I also did something like the half-exp for just bypassing or temporarily defeating a monster, but I kept track and kept halving it. So if you evaded the same monster 3 times you'd get just 1/16th exp for doing it again (or a whole 1/8th for finally putting it out of it's misery). I guess that encourages 'murder hoboism.'


On the other hand, you do get XP for spending gold offscreen on character goals (like wooing a love interest or saving your home village) on a 1:1 basis--basically you can convert gold to XP. So, if anyone ever earns the 3,550,000 XP necessary to get to twentieth level it will almost certainly be from spending treasure and not from killing monsters.
If I were still running 1e with the expectation of exp-for-gold, I would totally snag that.
 




Xvartslayer

First Post
Y'all are :):):):)ing nuts.

After a tough fight with a black dragon, I remember our cleric standing nude in the chamber holding a crowbar and a quill writing pen, the only items he owned after a very bad run of item saving throws (aside from a nat 20 on his writing feather, of course.)
 

AaronOfBarbaria

Adventurer
I also used item saves back in the day.

Not all the time, nor even most of the time, but I did use them - my decision which rules to use and which not was a campaign-to-campaign thing, tuning the rules to better fit the feel I wanted for a particular campaign.

Had a group that would like to play a "hardcore" campaign every third campaign or so where we would strictly adhere to the core rules, and only add in optional rules if they resulted in something else the players and their characters had to worry about (such as item saves, and weapon type v. armor), leaving out the majority of optional rules designed to make the game easier on the players (like the increased level limit for high prime requisite rule, or the optional classes).
 

Sacrosanct

Legend
After a tough fight with a black dragon, I remember our cleric standing nude in the chamber holding a crowbar and a quill writing pen, the only items he owned after a very bad run of item saving throws (aside from a nat 20 on his writing feather, of course.)

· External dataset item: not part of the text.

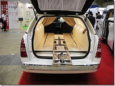 霊柩車の後部。霊柩車は儲かるのか、メーカーが4社も出ていた。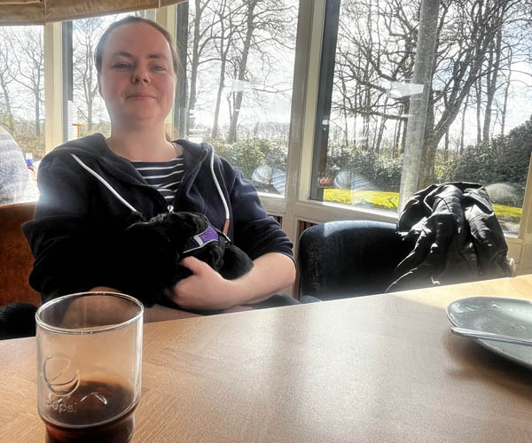 Tijdens de lunch gedroegen de puppen zich keurig in het restaurant. Ze bleven lekker in de benches liggen slapen en we namen ze om en om er even lekker uit. Wat een makkelijke puppen!

Item saving throws (especially for black dragons) are real. Just ask Riverwind.
 

the Jester

Legend
I'm reminded that demi-humans had great save bonuses in 2e.

As I stated previously, Saving throws in AD&D and 2e served a different purpose. They were a mercy roll. You rolled them to avoid certain death.

Or to take half damage from a fireball. Or to take partial damage from any number of other effects. Or to avoid effects that absolutely weren't instant death, like charm person. You're badly mischaracterizing saving throws here.
 

the Jester

Legend
You're not seriously arguing that anybody wasted time with item saves. Everybody tried item saves once or twice, quickly realized it was either a waste of time or just far too punitive, and just ignored them.

While that might be true for your groups, it was absolutely not universal. I always used item saves. My DMs in 1e also always used item saves. "Too punitive"? In a game where fighting a vampire or specter could easily cost you 2 levels per round? In a game replete with instant death effects, not all of which even allowed a save (hi there, catoblepas)? It sounds to me like you played in a pretty 'soft' campaign or campaigns, if you think losing some gear is too punitiive, at least compared to the ones I played in and DMed. And that's okay- it speaks to the variety of playstyles that 1e enabled- but it was absolutely not universal.